I think you are missing the point . . .  it is a valid anecdote though.


> I was told to "check it with the open string" when I was 10. By the time I was 20, I was able to play in tune when the strings were a little off, with effort. By the time I was 25 I would play in tune when the strings were a little off without effort.
Well, it sounds like to me you should have continued to listen to your open strings. How do you know you are in-tune if you never listen to your other strings (I do not mean physically play them)? I am really interested, it seems like you know something that the rest of the string world has missed out on.


> This theory of open-string resonance dictating interval size -- sorry, I don't see it this way. How about the key of B major, for instance?
Open strings do not dictate interval size . . . that was dictated a very long time ago by math and physics. Open strings help in note placement. We have already talked about how G-B can either be placed against the G-string or the E-string, but not both. A major 3rd is a major 3rd regardless of the other open strings.

You are confusing interval size and strings' natural variation in key color. Well temperaments on the piano have color changes in different key areas. A similar thing happens with strings, but it is based on degrees of resonance rather that degrees of tempered intervals: D-Major is a very resonant key on violin . . . D flat-Major is not. But musicians have known about this for hundreds of years, so this is nothing new. One of Paganini's concertos calls for the orchestra to play in Dflat, the soloist plays in D with the violin tuned down a half step. The result is that the solo part is much more brilliant than the subdued orchestra part. 
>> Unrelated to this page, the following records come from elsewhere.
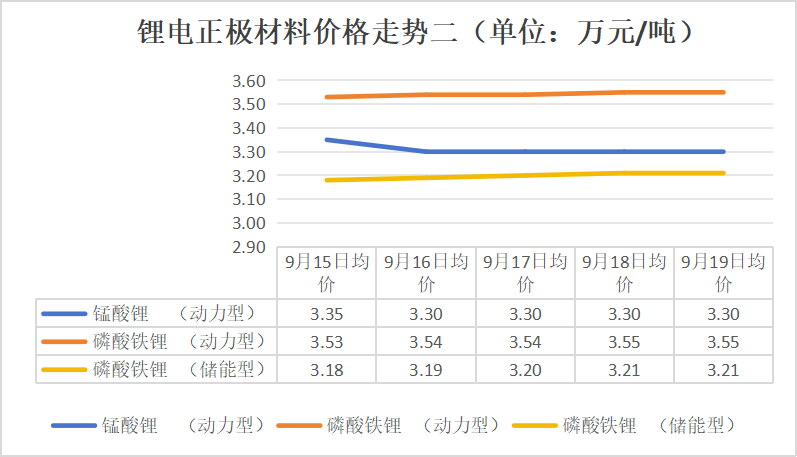 本周,动力型锰酸锂价格有所下跌,于15日下跌了0.05万元/吨,其他时间价格保持稳定,周末比周初下跌了0.05万元/吨;动力型磷酸铁锂价格有所上涨,16日、18日均上涨了0.01万元/吨,周末比周初上涨了0.02万元/吨;储能型磷酸铁锂价格持续上涨,几乎一天一个价,在16日-18日均上涨了0.01万元/吨,周末比周初下跌了0.03万元/吨。
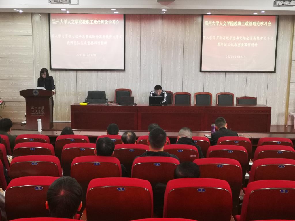 为认真贯彻落实习近平总书记给全国高校黄大年式教师团队代表重要回信精神,深入学习弘扬黄大年同志的爱国情怀和敬业精神,bat365官网于10月27日下午在203报告厅召开全院教职工政治理论专题学习会。学院全体教职工参加本次会议,会议由学院党委书记吴静主持。
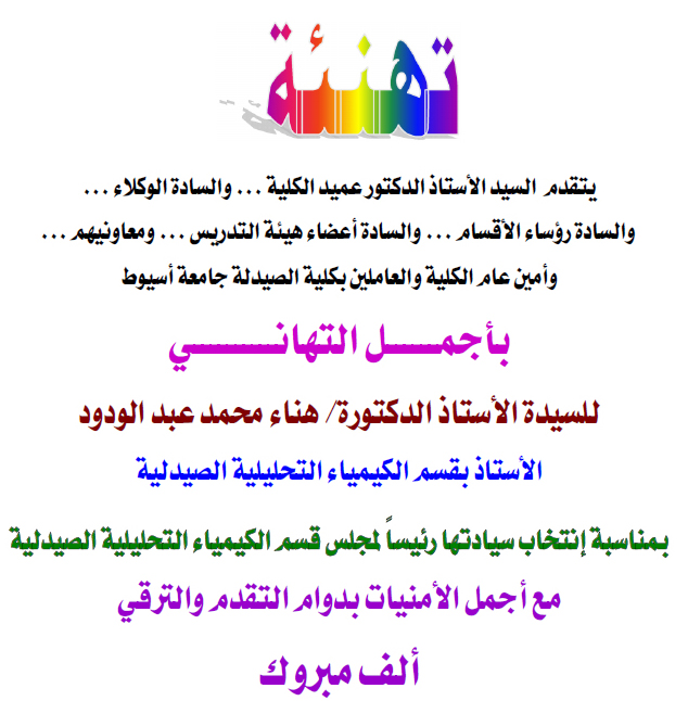 كلية الصيدلة تتقدم بخالص التهنئة للسيدة الأستاذ الدكتورة/ هناء محمد عبد الودود لإنتخاب سيادتها رئيساً لمجلس قسم الكيمياء التحليلية الصيدلية. 1 أغسطس 2013 كلية الصيدلة تتقدم بخالص التهنئة للسيدة الأستاذ الدكتورة/ هناء محمد عبد الودود لإنتخاب سيادتها رئيساً لمجلس قسم الكيمياء التحليلية الصيدلية.
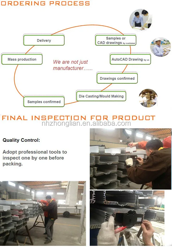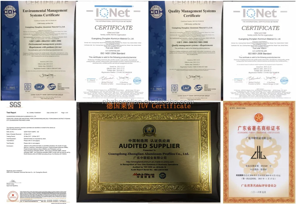 1) 6063-T5 perfil de alumínio padrão nacional.
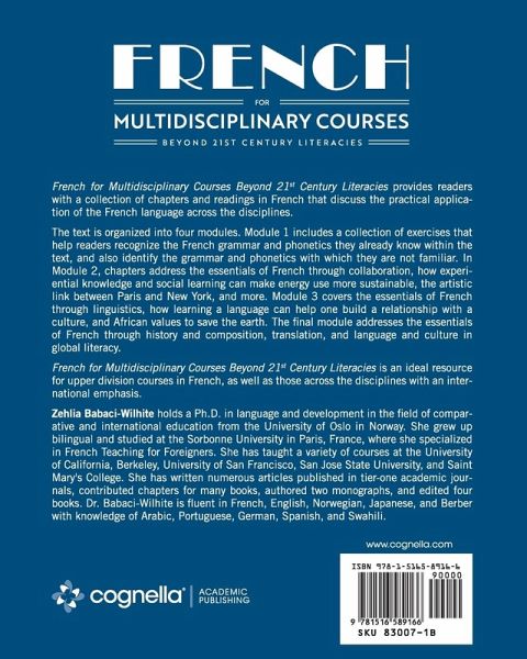 French for Multidisciplinary Courses Beyond 21st Century Literacies provides readers with a collection of chapters and readings in French that discuss the practical application of the French language across the disciplines. The text is organized into four modules. Module 1 includes a collection of exercises that help readers recognize the French grammar and phonetics they already know within the text, and also identify the grammar and phonetics with which they are not familiar. In Module 2, chapters address the essentials of French through collaboration, how experiential knowledge and social learning can make energy use more sustainable, the artistic link between Paris and New York, and more. Module 3 covers the essentials of French through linguistics, how learning a language can help one build a relationship with a culture, and African values to save the earth. The final module addresses the essentials of French through history and composition, translation, and language and culture in global literacy. French for Multidisciplinary Courses Beyond 21st Century Literacies is an ideal resource for upper division courses in French, as well as those across the disciplines with an international emphasis.
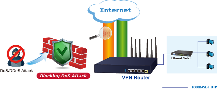El VR-300FW-NR con firewall SPI (inspección de paquetes con estado) incorporado y funciones de mitigación de ataques DoS/DDoS proporciona alta eficiencia y amplia protección para su red. Por lo tanto, las funciones de servidor virtual y DMZ pueden permitirle configurar servidores en la Intranet y seguir brindando servicios a los usuarios de Internet.
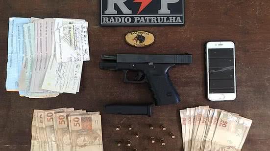 Após ser preso, a polícia cumpriu o mandado de busca na chácara, onde encontrou uma pistola calibre 380 com um carregador repleto de munições. Além da arma, folhas de cheque de diferentes bancos e valores, um IPhone 6 de cor branca e R$ 2 mil em espécie.

> And who may these string players be, pray? Students, perhaps? I certainly have said that many string players do not temper anything, melodically or otherwise -- but all of them? I beg leave to differ!
No Susan, we have not been talking about students. But maybe that is part of the problem: I am talking about a professional standard. That would certainly explain some of the confusion. Between my wife and myself, we have studied or had master classes with almost all of the top quartets. From these experiences I have learned that [just] intonation is a very important issue; they seem to have absolutely no tolerance for beating intervals. Maybe you could listen to a few recordings?


> Bradley, do you really like playing skimpy little beatless major thirds? And wide flabby beatless minor thirds? Really? In a dominant chord, you like the leading tone way low, do you? 
YES Susan, I have always been encouraged to play in-tune. Adding beats is an additional tool that I have learned to use to expand my musical expression: especially the shading of harmonic vocabulary. But it is not the standard from which we begin. I do apologize, but I completely disagree with you, and apparently so do most professionals. But please don't take it the wrong way, it took a long time for EQT to be accepted in the piano community. Who knows, maybe in a hundred years string players will be playing exactly how you have suggested.